■ **Problem requirements**
Please transcribe only the lines from the one holding "towards 1.3500(Psychological level)." through the final line of the data, both included, with no pictures.

■ **Data excerpt**
____________

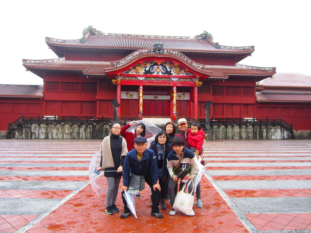 전철을 타고 가기 전에 다들 약간의 허기를 느껴서 편의점에 들러 어묵과 샌드위치를 간식으로 먹었다. 아시아바시 역에서 오르막길을 오르는 전철을 타고 슈리 역에서 하차했다. 그리고 택시를 2대로 나눠 타고 슈리성 정문인 슈레이몬(守礼門)에 하차했다. 상당히 옛 건물로 보이지만 사실 이 건물 역시 제 2차 세계 대전 당시 파괴되어서 1958년에 복원한 건물이다. 정문에서 시작한 우리의 답사 코스는 소노향우타키 석문에서 제 1성문인 칸카이몬(歓会門), 슈리성 내부 세이덴(正殿), 보초들이 자리 잡고 있던 반쇼(番所)까지 이루어졌고, 타마우둔(玉陵)과 킨죠우쵸 이시다다미 길까지 2시간 가까이 구경했다. 명나라의 영향을 받은 이 건축물은 우리의 경복궁과 상당히 닮았는데 이 슈리성이 정확히 언제 건설되었는지는 정확한 연도는 모르지만 대개 14세기 정도에 지어졌을 거라고 짐작한다. 류큐왕국의 전통 복장을 입은 안내원과 대화도 하면서 사진도 찍으면서 즐겁게 관람을 마치고 저녁은 근처 가정식을 파는 식당으로 갔다. 슈리성 관람할 때까지 비가 내리다가 식당으로 갈 때에는 다행히 비가 그쳤다.
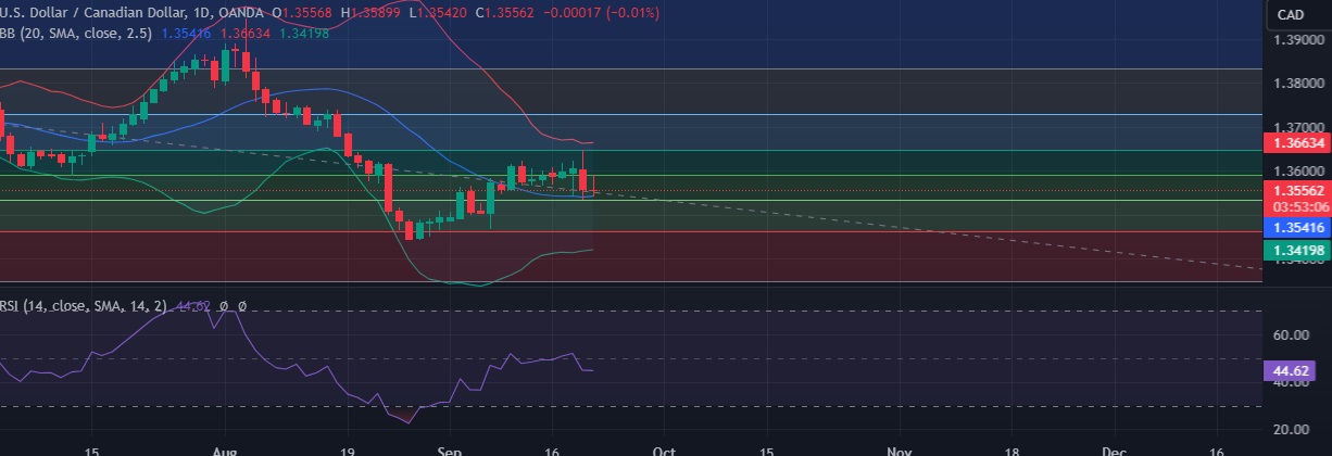 • Support is seen at 1.3536(38.2%fib) and break below could take the pair towards 1.3500(Psychological level).
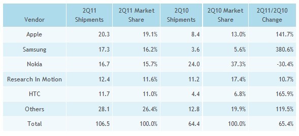 IDC最新市場報(bào)告指出,2011年第二季智能手機(jī)市場表現(xiàn)亮眼,出貨量從去年同期的6440萬支成長至1.065億支,成長了65.4%。而蘋果市占率達(dá)19.1,居市場首位,其后分別是三星、諾基亞、RIM與HTC宏達(dá)電。

____________

■ **Written reply**
 • Support is seen at 1.3536(38.2%fib) and break below could take the pair towards 1.3500(Psychological level).
 IDC最新市場報(bào)告指出,2011年第二季智能手機(jī)市場表現(xiàn)亮眼,出貨量從去年同期的6440萬支成長至1.065億支,成長了65.4%。而蘋果市占率達(dá)19.1,居市場首位,其后分別是三星、諾基亞、RIM與HTC宏達(dá)電。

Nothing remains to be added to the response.